Abadi, who heads the Victory Alliance, was mentioned in the report as being "quite willing to have a confidential relationship with Iranian intelligence." One Victory Alliance leader, Ali al-Sunaid, told Al-Monitor, “There are no official documents, be they American or Iranian, that can prove allegations of Abadi’s affiliation with Tehran. Abadi, who won the war on terrorism, naturally coordinates with parties that can help his country.”
The story also calls Abadi's Cabinet into question.

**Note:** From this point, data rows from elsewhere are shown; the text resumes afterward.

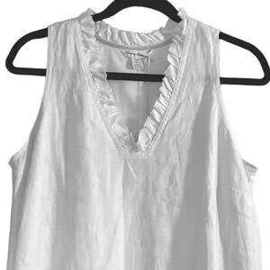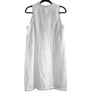 Time to unwind in paradise this linen shift dress with ruffled v neckline , hand pockets and fringe hem and fully lining in natural. This Two Palms Ruffle Shift Dress by Tommy Bahama features solid pigment garment dyed, two palms linen weave with enzyme wash.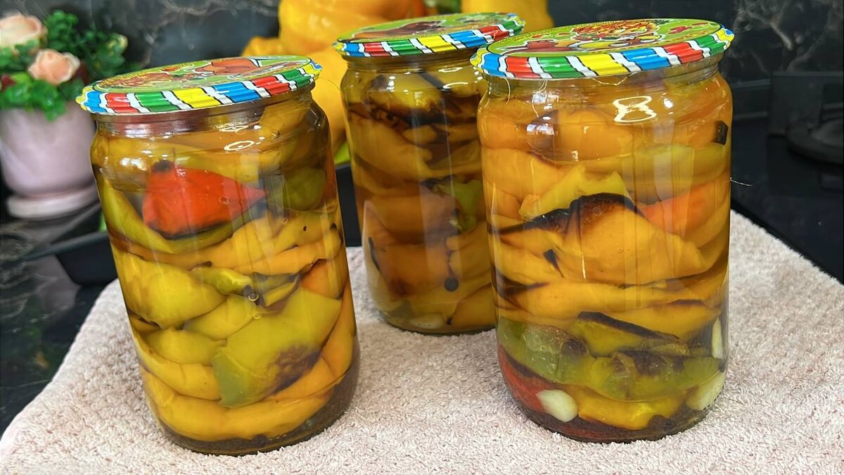 Всем привет! Сегодня хочу поделиться отличным рецептом заготовки на зиму — болгарским перцем, запечённым в духовке. Готовится такое лакомство легко и без стерилизации, так что оно точно понравится всем без исключения! Сначала подготовим ингредиенты: - Болгарский перец — столько, сколько поместится в вашу литровую банку; - Вода кипячёная — около стакана; - Растительное масло — примерно 3−4 столовых ложки; - Горошины душистого перца — 2 шт.; - Горошины черного перца — 2 шт.; - Чеснок — 1 небольшой зубчик; - Соль — 1 чайная ложка; - Сахар — 2 чайные ложки; - Столовый уксус 9% — 2 столовые ложки. Итак, приступим: 1. Подготовка перца: Тщательно промоем каждый перчинку, аккуратно вырежем сердцевину вместе с семенами и нарежем половинками или четвертинками. Затем выложим нарезанный перец на тарелку или полотенце, дадим обсохнуть немного. 2. Подготовительные этапы: Заранее простерилизуем литровые банки удобным способом (над паром, в микроволновке или духовке). Крышки тоже хорошо прокипятим,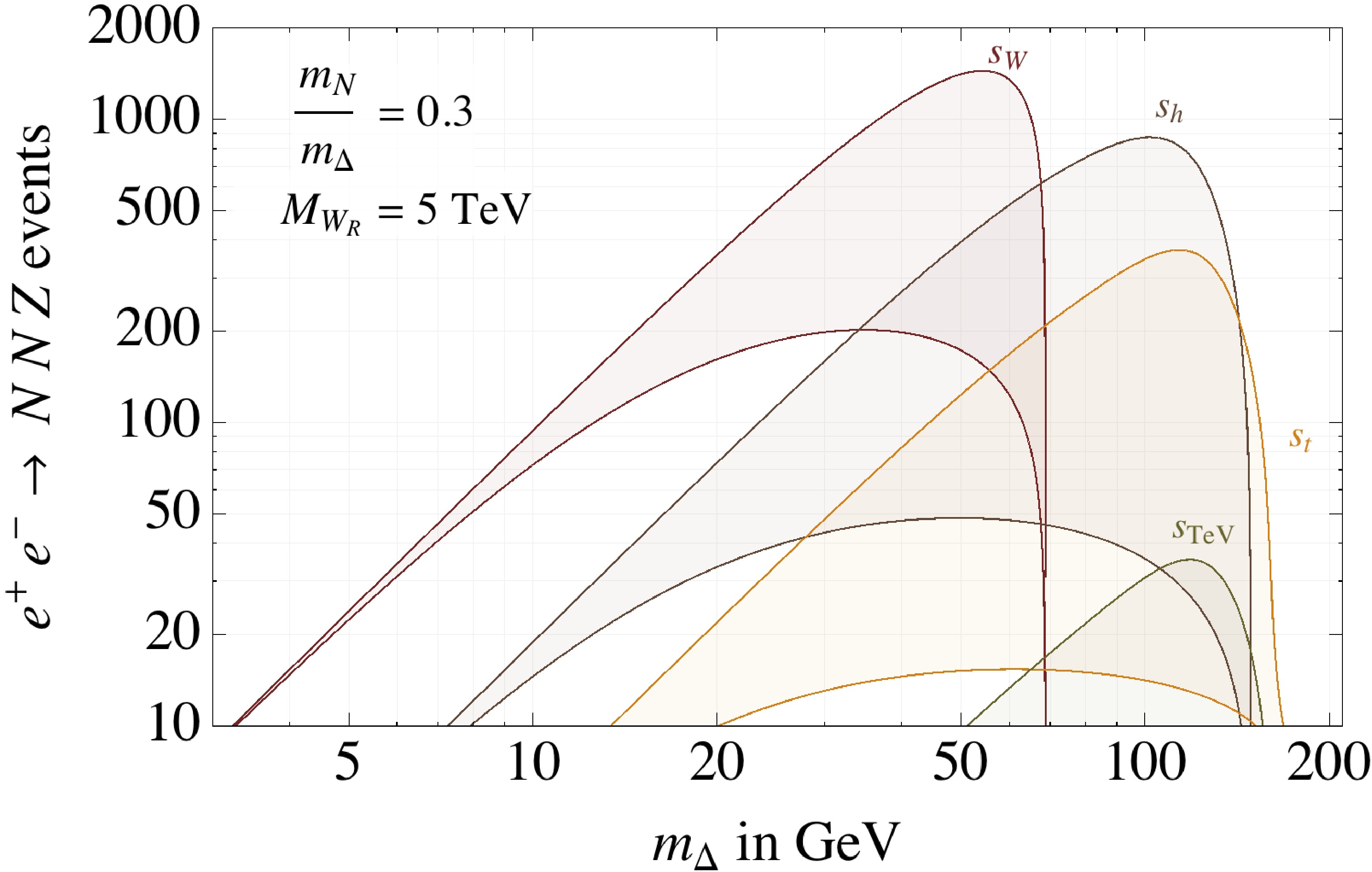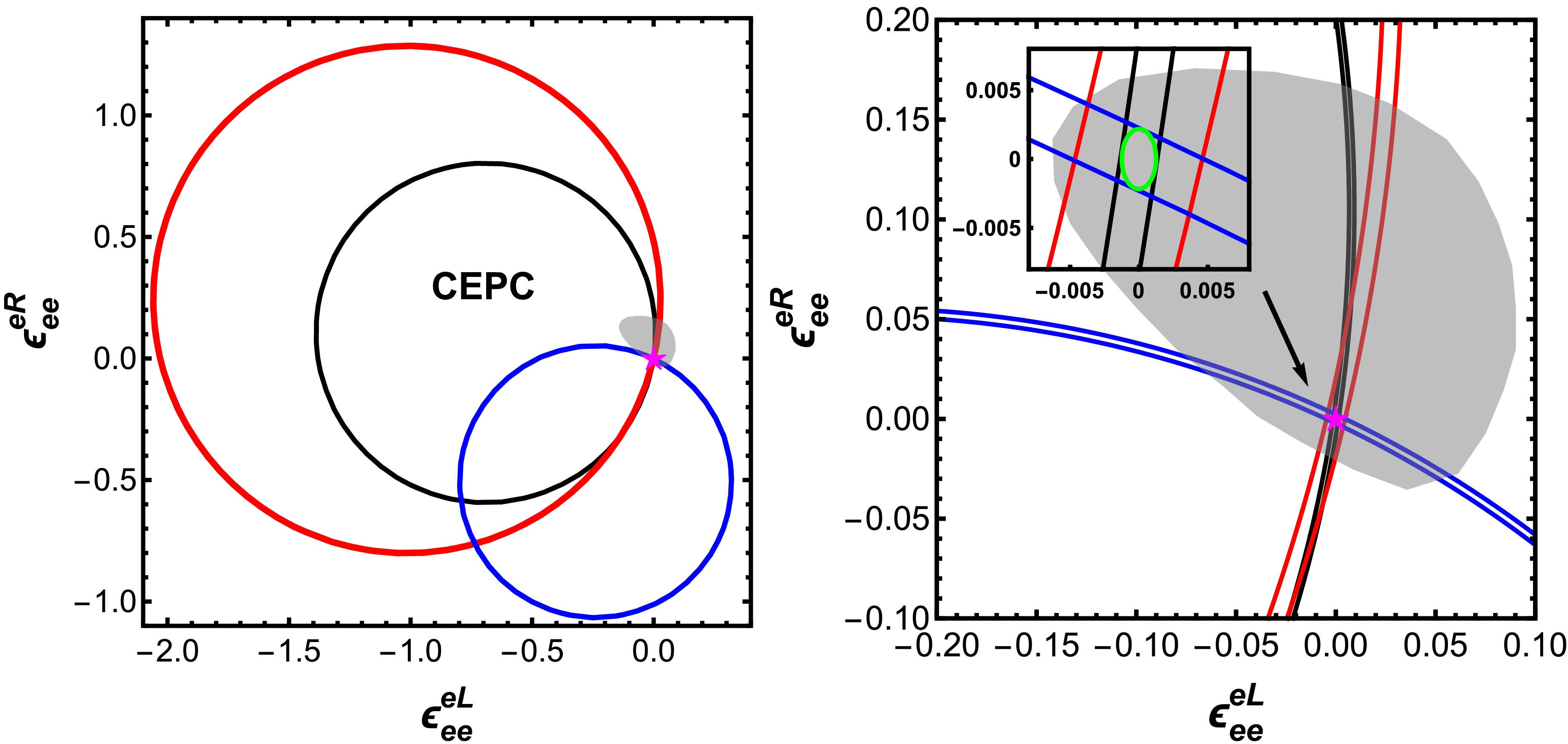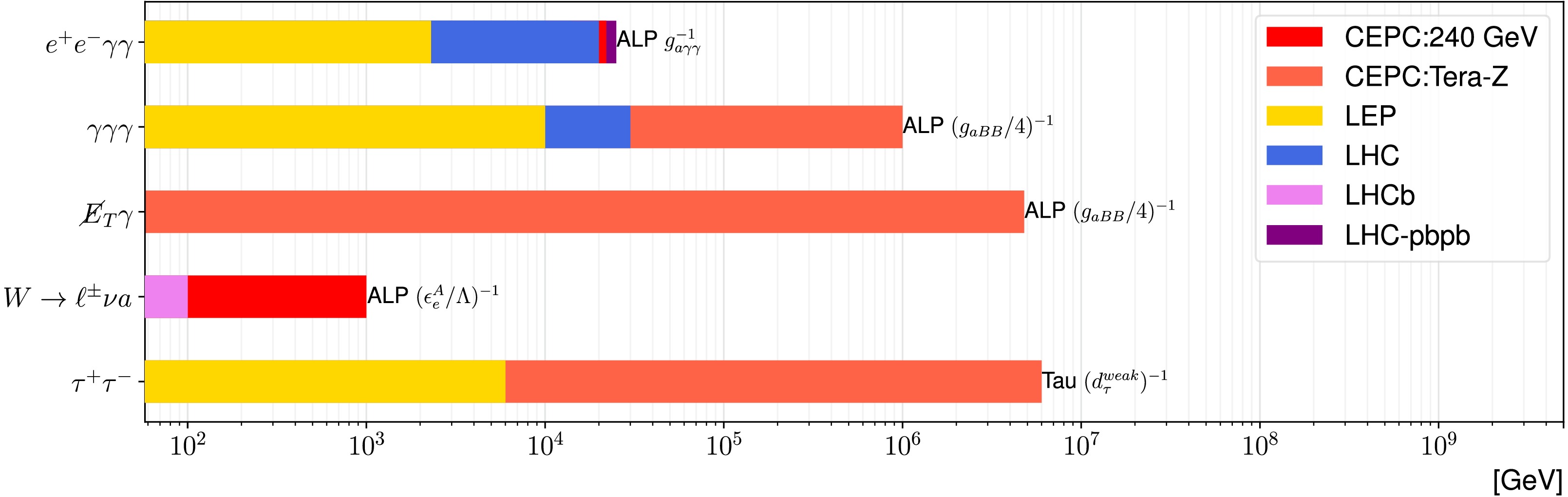Figure 102. (color online) The typical energy scale of New Physics that could be probed at the CEPC. The left column corresponds to a specialized New Physics Model of SUSY, and exotic New Physics signal searches, including Axion-like particles, and scalar particles in seesaw Models. The middle and right columns correspond to New Physics search via EFT.

Ibrahim al-Jaafari, a former prime minister who in 2014 was foreign minister, was named as having close ties with Iran, as was Abdul Mahdi and other ministers from that time.
The New York Times story also said one of then-parliament Speaker Salim al-Jabouri's top political advisers, who was identified only by a code number, was an undercover Iranian intelligence asset who regularly kept track of Jabouri's contacts with Americans.
Jabouri's office denied to Al-Monitor “any knowledge of calls between Jabouri and Iran" and dismissed the American report as "a deliberate attempt to further flare up the Iraqi streets.”
Economist Salam Smeasim, an adviser to the Iraqi Private Banks League, told Al-Monitor, "The documents’ importance does not lie in the names mentioned, as those are known to many, rather in their timing, as they coincide with the wide wave of protests that raised slogans against the Iranian presence in Iraq specifically.”
Smeasim added that the timing of the documents' release makes them dangerous because they put "huge pressure" on the government. "The information cemented the notion of [ousting] influential Iraqi figures whom people have been protesting against since 2003, as they belong to an Iran-led state in Iraq.”
Legal expert and former judge Ali al-Tamimi told Al-Monitor there are two possible legal implications of the leaks.
“Domestically, anyone collaborating with a foreign state, as per articles 158 and 164 of the Iraqi Penal Code, will be sentenced to death," he said. "Anyone who collaborates with a foreign state or attempts to damage Iraq's military, political or economic administration, shall be sentenced to death.”
He added, “If the Iraqi government takes the report seriously, public prosecution shall ... investigate suspects."
At the foreign level, Tamimi expects Washington to "freeze the funds of these individuals and ban their entry to the US, and it might resort to the Security Council to punish Iraq under UN Chapter VII, due to corruption and human rights violations.”
Naturally, the political forces and figures mentioned in the reports denied any connection to Iran. But their statements don't erase the wide-scale Iranian influence on Baghdad's political and security decision-making circles. The Iraqi people who protest against this influence in many cities across south and central Iraq are well aware of this fact.